Hichem Mechichi, actuel ministre de l’Intérieur, a attendu le dernier moment pour donner la composition de son équipe gouvernementale, qu’il compte présenter au Parlement pour obtenir sa confiance.
Inconnus au bataillon
Revendiquant le titre de « technocrate », ce gouvernement se compose de 28 portefeuilles ministériels et secrétariats d’État, dont huit sont dirigés par des femmes. Difficile de dégager une orientation politique générale de l’équipe proposée car les inconnus y sont légion et les différences entre eux considérables.
L’empreinte du président tunisien Kaïs Saïed est palpable dans les choix qui ont été faits. À commencer par le chef d’équipe, Hichem Mechichi. Cet énarque de 46 ans a été directeur cabinet de différents ministres et au sein de différents ministères avant d’être nommé conseiller juridique à Carthage en janvier 2020.
À peine le temps de poser ses valises qu’il a été propulsé ministre de l’Intérieur au sein du gouvernement d’Elyes Fakhfakh. Ce dernier s’est retrouvé sur la sellette et a fini par démissionner à cause d’une affaire de conflit d’intérêts, avant d’être remplacé par Mechichi, seulement quelques mois après avoir intégré le gouvernement.
Autre conseiller du chef de l’État qui se retrouve au gouvernement : Othman Jerandi, proposé au ministère des Affaires étrangères. Nommé à Carthage en avril 2020, ce diplomate ayant trente ans de carrière a déjà été à la tête du ministère entre 2013 et 2014. Sa connaissance des instances onusiennes sera précieuse pour la Tunisie, qui occupe actuellement le poste de membre non permanent du Conseil de sécurité de l’ONU.
Kaïs Saïed étend son périmètre
Selon la Constitution, les Affaires étrangères et la Défense sont attribuées en concertation avec le chef de l’État, car ce sont là deux prérogatives présidentielles. Toutefois, Kaïs Saïed ne se contente pas de ce périmètre et a également eu son mot à dire sur d’autres portefeuilles régaliens comme celui de l’Intérieur, tirant ainsi avantage de la faiblesse politique des chefs de gouvernement qu’il s’est lui-même choisis.
Ainsi, le successeur potentiel de Mechichi à la tête de l’Intérieur est lui aussi un proche de Kaïs Saïed. Taoufik Charfeddine est un avocat quinquagénaire qui n’a aucune accointance connue avec les partis politiques mais qui a été très actif auprès du chef de l’État pendant sa campagne présidentielle. Sa nomination à l’Intérieur a suscité la réserve de plusieurs partis politiques, selon des observateurs.
En réaction, le journal Acharaa al-Maghribi a nargué le président de la République sur sa une ce mardi, en rappelant ses propos de campagne, en juin 2019 : « Que personne, même les bénévoles au sein de ma campagne, n’attende de la récompense ou de la reconnaissance. »
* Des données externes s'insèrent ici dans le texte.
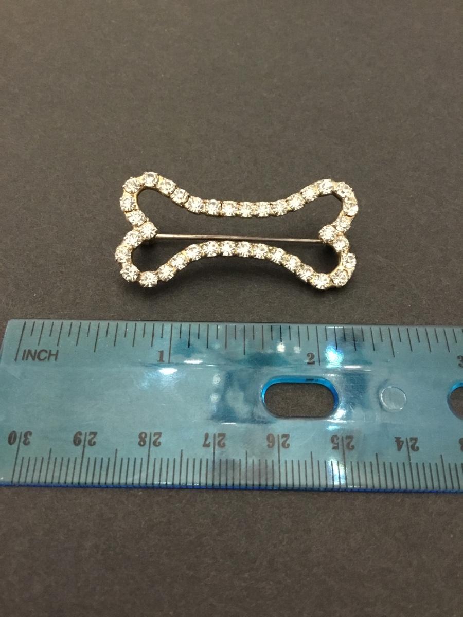Vintage, rhinestone, dog bone, brooch/pin

Si ce gouvernement arrive à obtenir la confiance du Parlement le 1er septembre, il aura un autre défi : la cohérence idéologique. Par exemple, à la tête du nouveau pôle économique, qui regroupe, en plus de l’économie, les finances et l’investissement, figure Ali Kooli. C’est le directeur général de l’Arab Banking Corporation — Tunis, filiale de la Banque ABC dont le siège est établi à Manama, au Bahreïn.
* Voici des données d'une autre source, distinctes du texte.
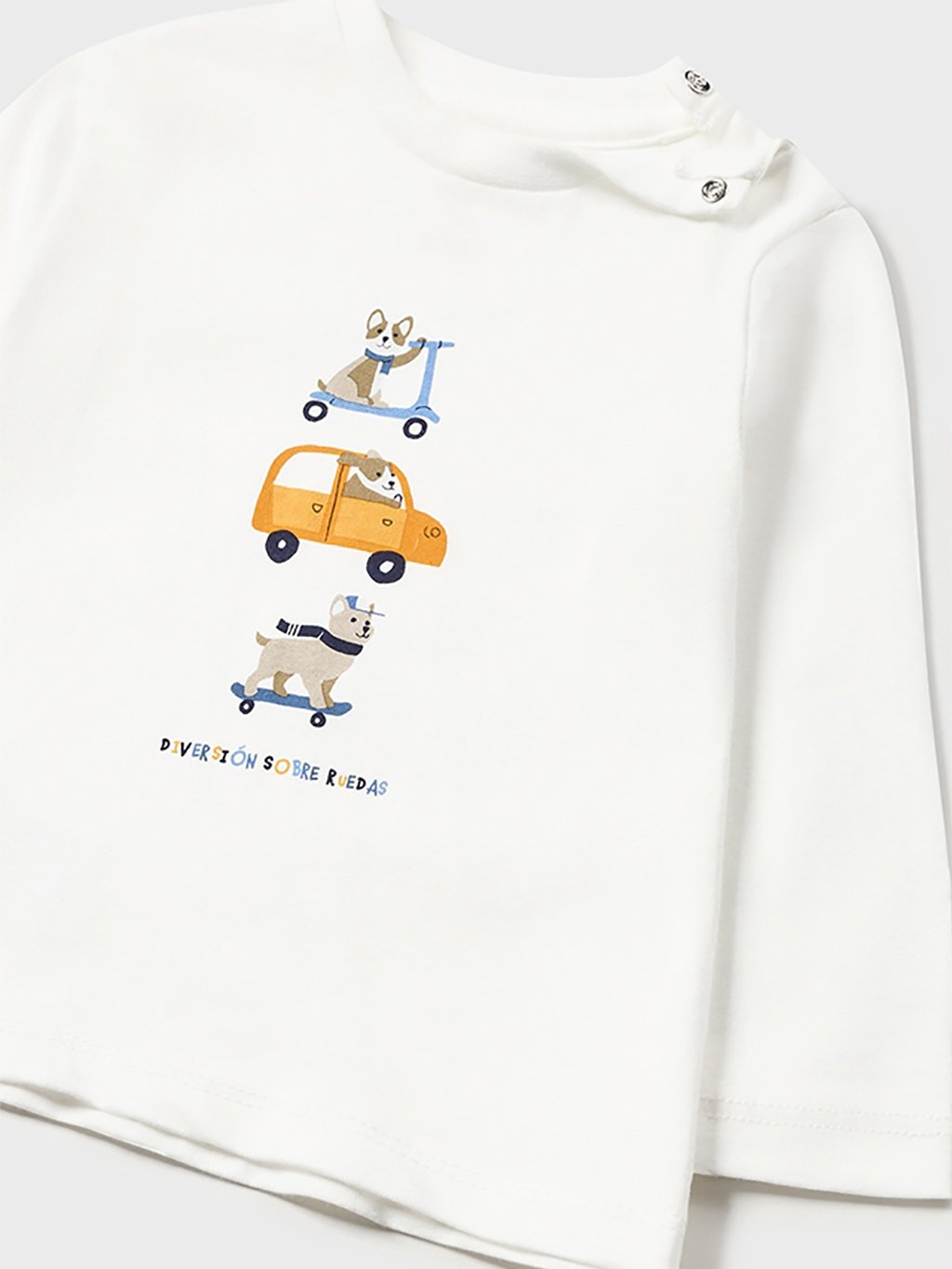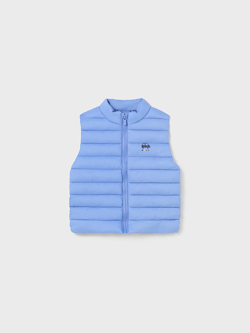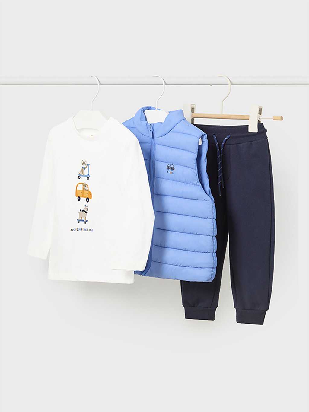 Chlapecká souprava složená z tepláků, trička a vesty. Tričko s dlouhým rukávem a kulatým výstřihem má zapínání na rameni. Chlapecké tričko má potisk na přední straně oděvu. Chlapecké tepláky s gumou v pase i u kotníků zajišťují větší komfort při nošení. Chlapecká prošívaná vesta se zapínáním na zip skvěle doladí celý outfit.Doplňkové parametry

Cotée à la Bourse de Bahreïn depuis 1990, elle dispose d’un capital social à hauteur de plus de 3 milliards de dollars, détenu à 59 % par la Banque centrale de Libye et à 29 % par Kuwait Investment Authority. Le fait que Ali Kooli ait été l’un des membres fondateurs du parti Afek Tounes en 2011 ne l’a pas disqualifié pour ce poste sensible. Ce parti ultralibéral a été composé en majeure partie de hauts cadres vivant à l’étranger, il ne dispose que de deux élus au Parlement aujourd’hui.
Loin de cette tendance libérale, c’est Mohamed Trabelsi qui a été nommé aux affaires sociales. Il a occupé ce poste pendant trois ans et demi entre 2016 et 2020, et il est connu pour sa proximité avec le puissant syndicat Union générale tunisienne du travail (UGTT).
Moez Chakchouk est l’une des rares personnalités qui a fait consensus autour de sa nomination. Il devrait hériter du ministère des Transports où la situation difficile de Tunisair, la compagnie aérienne publique, des sociétés régionales de transport ou de la Société nationale des chemins de fer sont autant de défis à relever. Il rentrerait de Paris où il occupe le poste de sous-directeur général pour la Communication et l’Information à l’Unesco. Chakchouk a déjà fait ses preuves à la tête de la poste tunisienne, qu’il a su moderniser.